RECORDS FOR THIS TASK below:

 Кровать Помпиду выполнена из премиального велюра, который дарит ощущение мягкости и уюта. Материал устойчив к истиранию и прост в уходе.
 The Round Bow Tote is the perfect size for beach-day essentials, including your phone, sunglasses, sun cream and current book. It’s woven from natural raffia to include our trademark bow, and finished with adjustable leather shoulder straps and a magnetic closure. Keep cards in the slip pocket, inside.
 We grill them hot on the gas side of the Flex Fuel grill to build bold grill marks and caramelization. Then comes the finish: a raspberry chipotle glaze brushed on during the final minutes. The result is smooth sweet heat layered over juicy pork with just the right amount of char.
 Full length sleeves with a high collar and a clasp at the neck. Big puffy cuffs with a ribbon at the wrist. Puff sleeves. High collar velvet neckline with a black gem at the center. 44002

End of RECORDS FOR THIS TASK.
RECORDS FOR THIS TASK below:

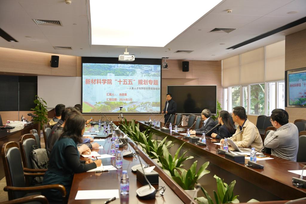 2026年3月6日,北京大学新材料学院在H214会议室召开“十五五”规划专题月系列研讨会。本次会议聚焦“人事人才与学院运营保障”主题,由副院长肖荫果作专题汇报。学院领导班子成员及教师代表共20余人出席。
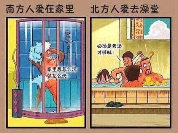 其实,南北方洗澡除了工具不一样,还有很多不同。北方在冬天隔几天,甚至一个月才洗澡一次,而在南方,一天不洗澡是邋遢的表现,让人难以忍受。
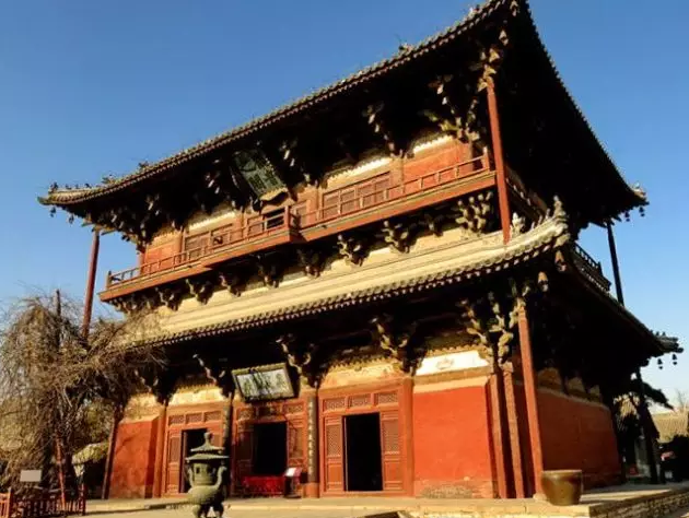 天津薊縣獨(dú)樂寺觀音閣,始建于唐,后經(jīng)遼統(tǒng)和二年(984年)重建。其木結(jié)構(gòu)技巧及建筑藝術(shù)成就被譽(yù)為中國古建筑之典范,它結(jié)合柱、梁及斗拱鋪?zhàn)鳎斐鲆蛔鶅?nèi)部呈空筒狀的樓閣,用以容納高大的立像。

End of RECORDS FOR THIS TASK.
RECORDS FOR THIS TASK below:

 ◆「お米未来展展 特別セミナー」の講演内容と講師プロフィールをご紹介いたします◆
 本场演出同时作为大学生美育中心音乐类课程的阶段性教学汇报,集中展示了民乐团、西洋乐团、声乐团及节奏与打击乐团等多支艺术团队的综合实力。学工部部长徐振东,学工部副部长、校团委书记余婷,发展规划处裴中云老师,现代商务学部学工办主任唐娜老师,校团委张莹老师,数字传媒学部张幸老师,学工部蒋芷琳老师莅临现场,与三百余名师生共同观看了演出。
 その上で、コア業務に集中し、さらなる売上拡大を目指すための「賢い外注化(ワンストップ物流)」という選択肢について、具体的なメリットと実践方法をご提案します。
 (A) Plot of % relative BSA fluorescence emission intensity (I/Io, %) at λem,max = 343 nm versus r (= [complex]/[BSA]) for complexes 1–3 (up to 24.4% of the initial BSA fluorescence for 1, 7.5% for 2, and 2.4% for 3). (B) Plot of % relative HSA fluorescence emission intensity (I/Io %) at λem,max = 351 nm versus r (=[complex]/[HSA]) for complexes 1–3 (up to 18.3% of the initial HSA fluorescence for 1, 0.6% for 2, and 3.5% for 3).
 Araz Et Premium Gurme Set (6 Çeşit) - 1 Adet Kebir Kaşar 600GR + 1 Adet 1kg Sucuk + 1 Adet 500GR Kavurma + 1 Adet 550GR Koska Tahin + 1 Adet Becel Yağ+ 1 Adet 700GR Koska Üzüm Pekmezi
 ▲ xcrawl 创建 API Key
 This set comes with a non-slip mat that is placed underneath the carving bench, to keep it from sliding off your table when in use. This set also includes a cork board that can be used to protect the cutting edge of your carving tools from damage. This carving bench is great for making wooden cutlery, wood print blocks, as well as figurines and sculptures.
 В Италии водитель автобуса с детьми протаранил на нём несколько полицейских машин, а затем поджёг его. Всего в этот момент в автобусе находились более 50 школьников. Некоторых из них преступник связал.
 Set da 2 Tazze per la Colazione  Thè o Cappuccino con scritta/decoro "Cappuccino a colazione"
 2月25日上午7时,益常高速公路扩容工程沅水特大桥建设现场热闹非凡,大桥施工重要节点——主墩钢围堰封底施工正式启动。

End of RECORDS FOR THIS TASK.

** WHAT IS NEEDED **
For the material above, reproduce exactly the lines from the line with "本场演出同时作为大学生美育中" to the line with "xcrawl 创建 API Key", inclusive, and exclude all others.

** COMPLETED TASK **
 本场演出同时作为大学生美育中心音乐类课程的阶段性教学汇报,集中展示了民乐团、西洋乐团、声乐团及节奏与打击乐团等多支艺术团队的综合实力。学工部部长徐振东,学工部副部长、校团委书记余婷,发展规划处裴中云老师,现代商务学部学工办主任唐娜老师,校团委张莹老师,数字传媒学部张幸老师,学工部蒋芷琳老师莅临现场,与三百余名师生共同观看了演出。
 その上で、コア業務に集中し、さらなる売上拡大を目指すための「賢い外注化(ワンストップ物流)」という選択肢について、具体的なメリットと実践方法をご提案します。
 (A) Plot of % relative BSA fluorescence emission intensity (I/Io, %) at λem,max = 343 nm versus r (= [complex]/[BSA]) for complexes 1–3 (up to 24.4% of the initial BSA fluorescence for 1, 7.5% for 2, and 2.4% for 3). (B) Plot of % relative HSA fluorescence emission intensity (I/Io %) at λem,max = 351 nm versus r (=[complex]/[HSA]) for complexes 1–3 (up to 18.3% of the initial HSA fluorescence for 1, 0.6% for 2, and 3.5% for 3).
 Araz Et Premium Gurme Set (6 Çeşit) - 1 Adet Kebir Kaşar 600GR + 1 Adet 1kg Sucuk + 1 Adet 500GR Kavurma + 1 Adet 550GR Koska Tahin + 1 Adet Becel Yağ+ 1 Adet 700GR Koska Üzüm Pekmezi
 ▲ xcrawl 创建 API Key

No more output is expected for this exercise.